─── EXERCISE MATERIALS
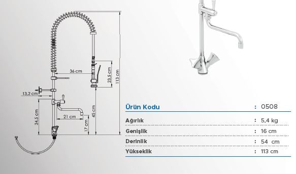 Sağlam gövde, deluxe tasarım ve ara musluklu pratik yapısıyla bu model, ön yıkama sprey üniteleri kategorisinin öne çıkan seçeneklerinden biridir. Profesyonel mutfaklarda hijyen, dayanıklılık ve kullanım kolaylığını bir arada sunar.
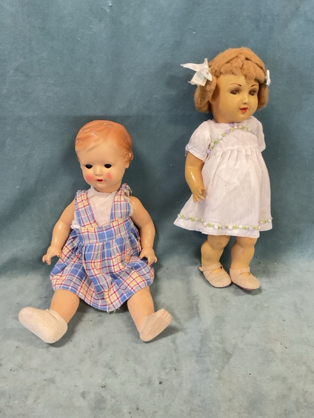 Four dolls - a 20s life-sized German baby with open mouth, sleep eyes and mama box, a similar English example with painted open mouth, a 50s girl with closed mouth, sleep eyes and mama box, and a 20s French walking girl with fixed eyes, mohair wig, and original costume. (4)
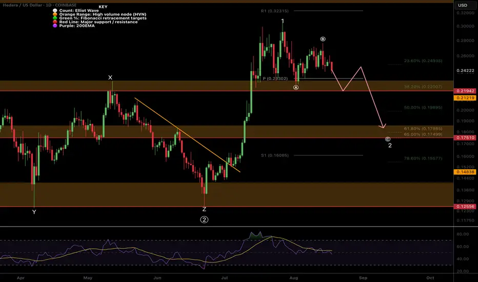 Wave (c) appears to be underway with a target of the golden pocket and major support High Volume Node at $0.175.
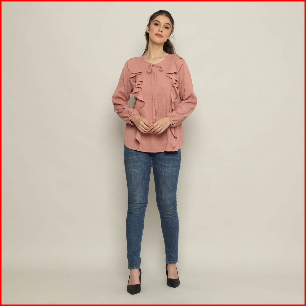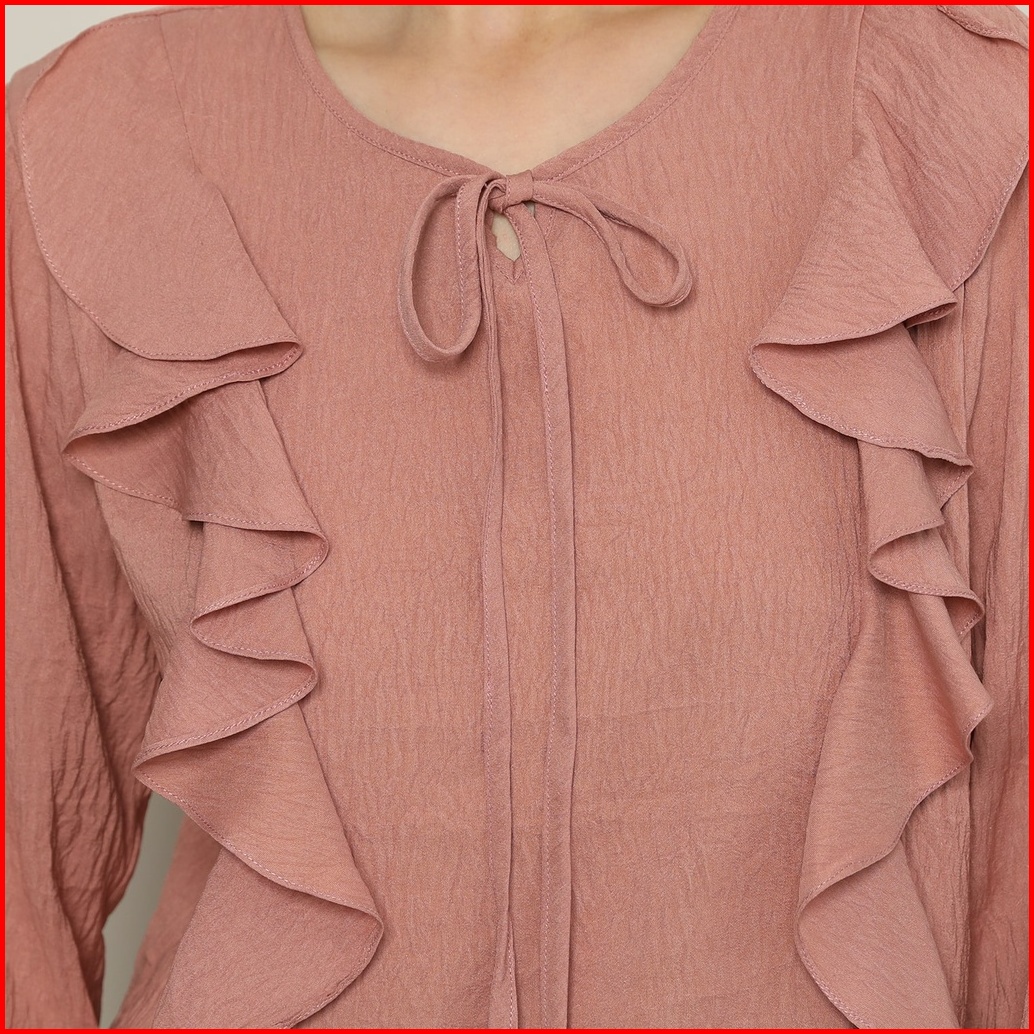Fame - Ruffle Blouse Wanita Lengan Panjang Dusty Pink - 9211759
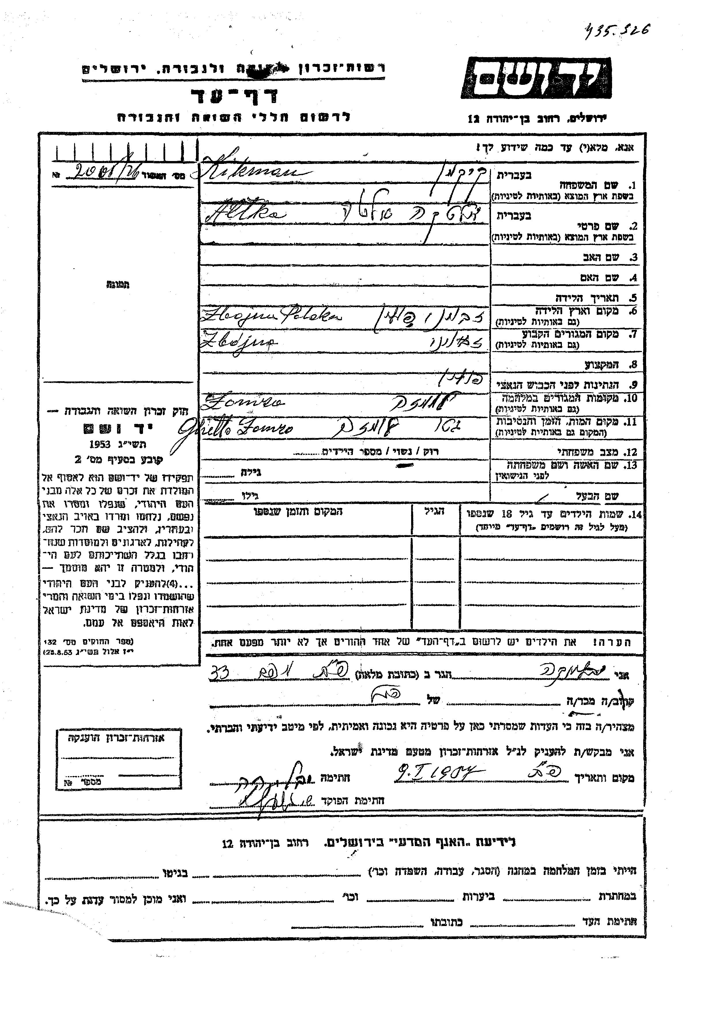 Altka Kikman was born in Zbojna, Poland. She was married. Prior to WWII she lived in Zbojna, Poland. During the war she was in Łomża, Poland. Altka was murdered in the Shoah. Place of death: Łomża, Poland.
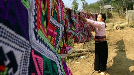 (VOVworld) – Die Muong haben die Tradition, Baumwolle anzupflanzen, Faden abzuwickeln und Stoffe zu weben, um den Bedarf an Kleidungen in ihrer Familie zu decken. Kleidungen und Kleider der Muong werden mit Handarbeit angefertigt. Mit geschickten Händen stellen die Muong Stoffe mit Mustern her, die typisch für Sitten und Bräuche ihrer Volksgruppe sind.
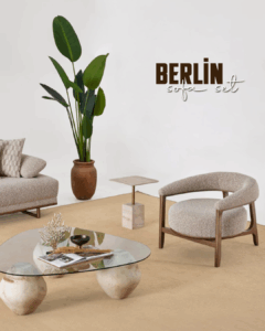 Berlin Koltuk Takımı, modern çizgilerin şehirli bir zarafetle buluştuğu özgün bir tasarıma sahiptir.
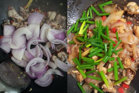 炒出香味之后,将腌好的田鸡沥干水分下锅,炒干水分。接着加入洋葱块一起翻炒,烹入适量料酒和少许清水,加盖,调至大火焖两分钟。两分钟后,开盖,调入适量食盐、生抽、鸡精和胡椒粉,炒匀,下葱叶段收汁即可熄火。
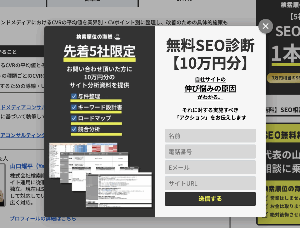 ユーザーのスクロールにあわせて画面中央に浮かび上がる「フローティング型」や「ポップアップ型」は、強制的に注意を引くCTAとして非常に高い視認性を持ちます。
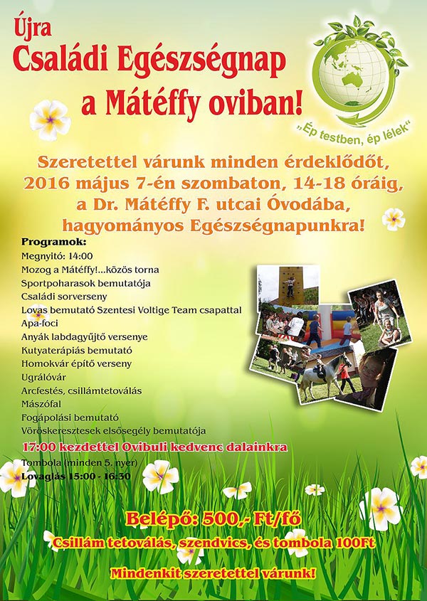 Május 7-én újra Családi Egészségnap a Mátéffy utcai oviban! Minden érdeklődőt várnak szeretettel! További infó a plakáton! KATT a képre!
──────
─── EXERCISE MATERIALS
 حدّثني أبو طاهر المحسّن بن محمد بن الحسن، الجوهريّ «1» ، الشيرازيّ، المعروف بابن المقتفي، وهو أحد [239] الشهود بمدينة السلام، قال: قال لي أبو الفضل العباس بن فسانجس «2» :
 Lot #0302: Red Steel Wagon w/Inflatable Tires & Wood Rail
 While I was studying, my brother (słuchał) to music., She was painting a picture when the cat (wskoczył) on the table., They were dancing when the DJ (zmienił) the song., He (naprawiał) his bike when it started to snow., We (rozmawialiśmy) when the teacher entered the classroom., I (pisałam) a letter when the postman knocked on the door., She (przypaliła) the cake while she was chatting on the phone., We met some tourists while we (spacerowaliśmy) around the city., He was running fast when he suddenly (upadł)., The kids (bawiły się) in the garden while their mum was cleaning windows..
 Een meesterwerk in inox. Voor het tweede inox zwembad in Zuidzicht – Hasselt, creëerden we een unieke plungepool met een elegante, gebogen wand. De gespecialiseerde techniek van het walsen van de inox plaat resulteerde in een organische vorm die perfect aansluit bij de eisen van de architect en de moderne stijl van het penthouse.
──────
─── EXERCISE MATERIALS
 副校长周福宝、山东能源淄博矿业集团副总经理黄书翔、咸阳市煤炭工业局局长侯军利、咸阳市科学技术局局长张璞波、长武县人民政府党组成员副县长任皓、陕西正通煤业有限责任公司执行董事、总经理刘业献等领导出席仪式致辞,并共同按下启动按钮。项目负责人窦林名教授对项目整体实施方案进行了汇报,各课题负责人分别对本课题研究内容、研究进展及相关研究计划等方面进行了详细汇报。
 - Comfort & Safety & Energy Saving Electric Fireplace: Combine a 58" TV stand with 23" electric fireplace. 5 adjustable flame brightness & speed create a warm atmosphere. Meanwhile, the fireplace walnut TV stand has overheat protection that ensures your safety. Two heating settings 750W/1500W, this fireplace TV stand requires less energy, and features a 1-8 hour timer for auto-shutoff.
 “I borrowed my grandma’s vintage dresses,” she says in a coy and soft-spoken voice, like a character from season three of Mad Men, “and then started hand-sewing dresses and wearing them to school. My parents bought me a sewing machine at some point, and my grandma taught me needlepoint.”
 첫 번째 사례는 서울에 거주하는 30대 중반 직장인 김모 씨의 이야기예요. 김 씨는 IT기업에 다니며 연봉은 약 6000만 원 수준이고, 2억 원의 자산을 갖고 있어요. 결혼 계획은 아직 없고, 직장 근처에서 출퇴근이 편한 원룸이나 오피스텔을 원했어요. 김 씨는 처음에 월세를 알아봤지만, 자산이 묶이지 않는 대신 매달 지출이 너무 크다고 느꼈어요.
──────
-- EXERCISE DIRECTIONS --
Only the lines starting at the one that includes "Sağlam gövde, deluxe" and ending at the one that includes "Május 7-én újra" should be retyped, exactly, from the records above; no pictures.

-- REPLY TO THE EXERCISE --
 Sağlam gövde, deluxe tasarım ve ara musluklu pratik yapısıyla bu model, ön yıkama sprey üniteleri kategorisinin öne çıkan seçeneklerinden biridir. Profesyonel mutfaklarda hijyen, dayanıklılık ve kullanım kolaylığını bir arada sunar.
 Four dolls - a 20s life-sized German baby with open mouth, sleep eyes and mama box, a similar English example with painted open mouth, a 50s girl with closed mouth, sleep eyes and mama box, and a 20s French walking girl with fixed eyes, mohair wig, and original costume. (4)
 Wave (c) appears to be underway with a target of the golden pocket and major support High Volume Node at $0.175.
Fame - Ruffle Blouse Wanita Lengan Panjang Dusty Pink - 9211759
 Altka Kikman was born in Zbojna, Poland. She was married. Prior to WWII she lived in Zbojna, Poland. During the war she was in Łomża, Poland. Altka was murdered in the Shoah. Place of death: Łomża, Poland.
 (VOVworld) – Die Muong haben die Tradition, Baumwolle anzupflanzen, Faden abzuwickeln und Stoffe zu weben, um den Bedarf an Kleidungen in ihrer Familie zu decken. Kleidungen und Kleider der Muong werden mit Handarbeit angefertigt. Mit geschickten Händen stellen die Muong Stoffe mit Mustern her, die typisch für Sitten und Bräuche ihrer Volksgruppe sind.
 Berlin Koltuk Takımı, modern çizgilerin şehirli bir zarafetle buluştuğu özgün bir tasarıma sahiptir.
 炒出香味之后,将腌好的田鸡沥干水分下锅,炒干水分。接着加入洋葱块一起翻炒,烹入适量料酒和少许清水,加盖,调至大火焖两分钟。两分钟后,开盖,调入适量食盐、生抽、鸡精和胡椒粉,炒匀,下葱叶段收汁即可熄火。
 ユーザーのスクロールにあわせて画面中央に浮かび上がる「フローティング型」や「ポップアップ型」は、強制的に注意を引くCTAとして非常に高い視認性を持ちます。
 Május 7-én újra Családi Egészségnap a Mátéffy utcai oviban! Minden érdeklődőt várnak szeretettel! További infó a plakáton! KATT a képre!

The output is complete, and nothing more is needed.